AIM OF THE EXERCISE.
Write out the records below once more, exactly and completely.
──────── PROVIDED DATA ────────
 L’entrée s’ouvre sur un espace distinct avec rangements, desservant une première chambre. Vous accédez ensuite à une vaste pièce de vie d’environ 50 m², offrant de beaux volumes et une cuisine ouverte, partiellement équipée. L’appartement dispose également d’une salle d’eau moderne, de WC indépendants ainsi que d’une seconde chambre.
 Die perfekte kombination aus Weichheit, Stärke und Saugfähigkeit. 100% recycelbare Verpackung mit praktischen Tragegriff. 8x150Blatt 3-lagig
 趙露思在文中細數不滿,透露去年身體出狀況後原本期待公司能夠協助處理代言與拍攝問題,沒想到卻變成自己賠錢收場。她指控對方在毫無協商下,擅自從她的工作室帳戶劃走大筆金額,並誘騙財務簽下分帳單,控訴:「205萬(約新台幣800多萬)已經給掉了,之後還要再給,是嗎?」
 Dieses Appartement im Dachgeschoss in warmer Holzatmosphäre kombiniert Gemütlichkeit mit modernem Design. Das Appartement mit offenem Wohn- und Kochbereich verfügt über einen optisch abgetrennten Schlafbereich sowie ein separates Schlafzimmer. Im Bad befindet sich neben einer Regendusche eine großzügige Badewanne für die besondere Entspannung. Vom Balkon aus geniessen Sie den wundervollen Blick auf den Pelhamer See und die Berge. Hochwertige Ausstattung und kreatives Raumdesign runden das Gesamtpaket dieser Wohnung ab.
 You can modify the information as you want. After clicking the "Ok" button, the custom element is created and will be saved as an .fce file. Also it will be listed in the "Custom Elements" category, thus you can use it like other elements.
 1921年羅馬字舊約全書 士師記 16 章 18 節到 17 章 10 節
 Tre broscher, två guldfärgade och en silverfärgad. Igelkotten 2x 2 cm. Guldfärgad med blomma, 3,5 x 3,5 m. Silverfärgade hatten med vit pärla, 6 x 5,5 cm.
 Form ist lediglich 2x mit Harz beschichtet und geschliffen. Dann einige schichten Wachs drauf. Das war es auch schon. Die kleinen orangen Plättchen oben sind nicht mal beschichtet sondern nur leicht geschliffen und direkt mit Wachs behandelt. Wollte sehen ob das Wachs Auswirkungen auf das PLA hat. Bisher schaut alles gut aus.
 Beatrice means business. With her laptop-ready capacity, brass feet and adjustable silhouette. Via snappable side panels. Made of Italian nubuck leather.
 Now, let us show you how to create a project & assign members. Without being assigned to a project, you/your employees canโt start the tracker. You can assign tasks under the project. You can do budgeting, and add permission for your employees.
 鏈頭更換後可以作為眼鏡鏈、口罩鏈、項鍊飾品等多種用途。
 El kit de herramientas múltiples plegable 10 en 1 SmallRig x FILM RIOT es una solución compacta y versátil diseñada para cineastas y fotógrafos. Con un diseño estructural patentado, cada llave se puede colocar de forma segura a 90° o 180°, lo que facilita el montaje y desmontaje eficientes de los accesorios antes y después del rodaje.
────────
ANSWER TO THIS TASK.
 L’entrée s’ouvre sur un espace distinct avec rangements, desservant une première chambre. Vous accédez ensuite à une vaste pièce de vie d’environ 50 m², offrant de beaux volumes et une cuisine ouverte, partiellement équipée. L’appartement dispose également d’une salle d’eau moderne, de WC indépendants ainsi que d’une seconde chambre.
 Die perfekte kombination aus Weichheit, Stärke und Saugfähigkeit. 100% recycelbare Verpackung mit praktischen Tragegriff. 8x150Blatt 3-lagig
 趙露思在文中細數不滿,透露去年身體出狀況後原本期待公司能夠協助處理代言與拍攝問題,沒想到卻變成自己賠錢收場。她指控對方在毫無協商下,擅自從她的工作室帳戶劃走大筆金額,並誘騙財務簽下分帳單,控訴:「205萬(約新台幣800多萬)已經給掉了,之後還要再給,是嗎?」
 Dieses Appartement im Dachgeschoss in warmer Holzatmosphäre kombiniert Gemütlichkeit mit modernem Design. Das Appartement mit offenem Wohn- und Kochbereich verfügt über einen optisch abgetrennten Schlafbereich sowie ein separates Schlafzimmer. Im Bad befindet sich neben einer Regendusche eine großzügige Badewanne für die besondere Entspannung. Vom Balkon aus geniessen Sie den wundervollen Blick auf den Pelhamer See und die Berge. Hochwertige Ausstattung und kreatives Raumdesign runden das Gesamtpaket dieser Wohnung ab.
 You can modify the information as you want. After clicking the "Ok" button, the custom element is created and will be saved as an .fce file. Also it will be listed in the "Custom Elements" category, thus you can use it like other elements.
 1921年羅馬字舊約全書 士師記 16 章 18 節到 17 章 10 節
 Tre broscher, två guldfärgade och en silverfärgad. Igelkotten 2x 2 cm. Guldfärgad med blomma, 3,5 x 3,5 m. Silverfärgade hatten med vit pärla, 6 x 5,5 cm.
 Form ist lediglich 2x mit Harz beschichtet und geschliffen. Dann einige schichten Wachs drauf. Das war es auch schon. Die kleinen orangen Plättchen oben sind nicht mal beschichtet sondern nur leicht geschliffen und direkt mit Wachs behandelt. Wollte sehen ob das Wachs Auswirkungen auf das PLA hat. Bisher schaut alles gut aus.
 Beatrice means business. With her laptop-ready capacity, brass feet and adjustable silhouette. Via snappable side panels. Made of Italian nubuck leather.
 Now, let us show you how to create a project & assign members. Without being assigned to a project, you/your employees canโt start the tracker. You can assign tasks under the project. You can do budgeting, and add permission for your employees.
 鏈頭更換後可以作為眼鏡鏈、口罩鏈、項鍊飾品等多種用途。
 El kit de herramientas múltiples plegable 10 en 1 SmallRig x FILM RIOT es una solución compacta y versátil diseñada para cineastas y fotógrafos. Con un diseño estructural patentado, cada llave se puede colocar de forma segura a 90° o 180°, lo que facilita el montaje y desmontaje eficientes de los accesorios antes y después del rodaje.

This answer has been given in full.